Assignment #3

For the exercises below, consider the following code. The loop is called the DAXPY loop (Double-precision aX plus Y) and is the central operation in Gaussian elimination. This code implements the operation \( Y = aX + y \) for vectors of length 100. Initially, R1 and R2 contain the addresses of \( X[0] \) and \( Y[0] \) respectively, R3 contains the address of the memory location following the last element of \( X \), and F0 contains \( a \).

```
foo:  FLD    F2, 0(R1)  ; load X[i]
       FMUL.D F4, F2, F0  ; do a*X[i]
       FLD    F6, 0(R2)  ; get Y[i]
       FADD.D F6, F4, F6  ; calc a*X[i] + Y[i]
       FSD    F6, 0(R2)  ; Store Y[i]
       ADDUI R1, R1, #8  ; increment X index
       ADDUI R2, R2, #8  ; increment Y index
       BNE    R1, R3, foo ; No? Then loop again
```

1. (Static scheduling) Assuming the pipeline latencies from Figure 3.2, unroll the loop as many times as necessary to schedule it without any delays, and collapsing the loop overhead. Assume a one-cycle delayed branch.

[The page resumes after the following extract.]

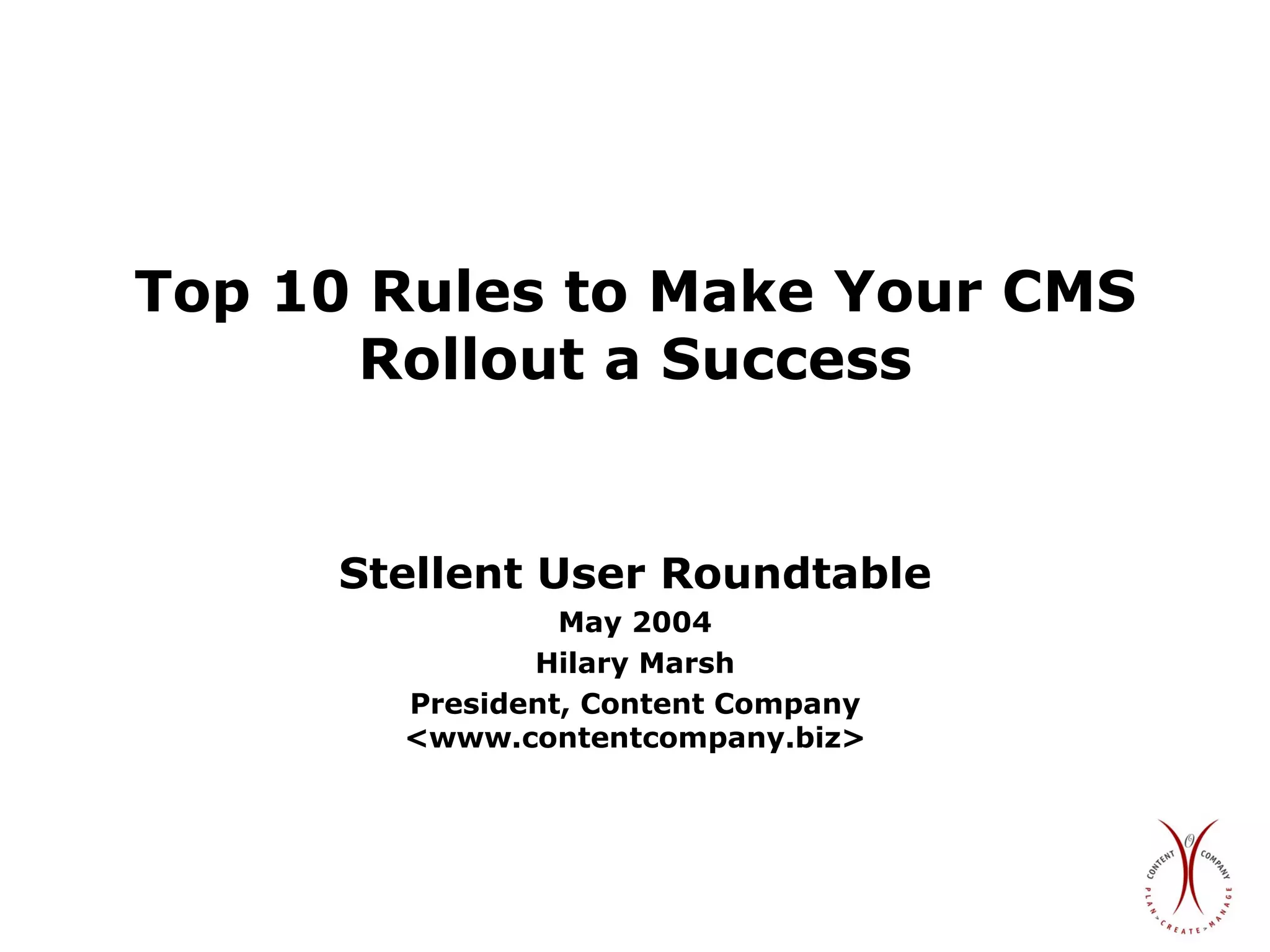The document provides 10 rules for a successful content management system (CMS) rollout. The rules are:

Show the schedule, and determine the number of cycles required for each iteration of the original loop.

ANS

The largest latency is 3, between one FP ALU OP and another FP ALU OP. In this code, this situation occurs between the FMUL.D and the subsequent FADD.D. There is already one cycle between these two, and we can move the ADDUI instructions up, so we need to unroll just once to hide all the latency.

```
foo:  FLD    F2, 0(R1)  ; load X[i]
       FLD    F6, 8(R1)  ; load X[i]
       FMUL.D F4, F2, F0  ; do a*X[i]
       FMUL.D F10, F8, F0  ; do a*X[i]'
       FLD    F6, 0(R2)  ; get Y[i]
       FLD    F12, 8(R2)  ; get Y[i]
       FADD.D F6, F4, F6  ; calc a*X[i] + Y[i]
       ADDUI R2, R2, #16  ; increment Y index
       FADD.D F12, F10, F12  ; calc a*X[i] + Y[i]
       FSD    F6, -16(R2)  ; Store Y[i]
       ADDUI R1, R1, #16  ; increment X index
       FSD    F12, -8(R2)  ; Store Y[i]
       BNE    R1, R3, foo ; No? Then loop again
```

ALL REQUIRED LATENCIES ARE MET

13 CYCLES TOTAL OR 6.5 CYCLES/LOOP
2. (Dynamic Scheduling) For this exercise we will add timing to the Tomasulo machine shown in Figure 3.10. Assume the following:

- The number of reservation stations are as shown in Figure 3.10
- There is no forwarding between function units; results are communicated by the CDB.
- One instruction can issue at each clock cycle. Execution of the instruction can begin in the next clock cycle following issue.
- Only 1 value can be on the CDB at a time. If two instructions complete in the same clock cycle, the later instruction is stalled until the next cycle.
- Loads take 1 cycle in execution.

Show the clock cycle when each instruction issues, starts execution, and completes (writes its result onto the CDB) for the first three iterations of the loop. Report your answer in a table similar to Figure 3.23 (Note that figure 3.23 shows a dual issue processor - we are doing a single issue example here.)

ANS.

DEPENDING ON YOUR ASSUMPTIONS, YOUR ANSWER MAY DIFFER FROM MINE IN FACT, I GET A DIFFERENT ANSWER EVERY TIME I DO THE PROBLEM!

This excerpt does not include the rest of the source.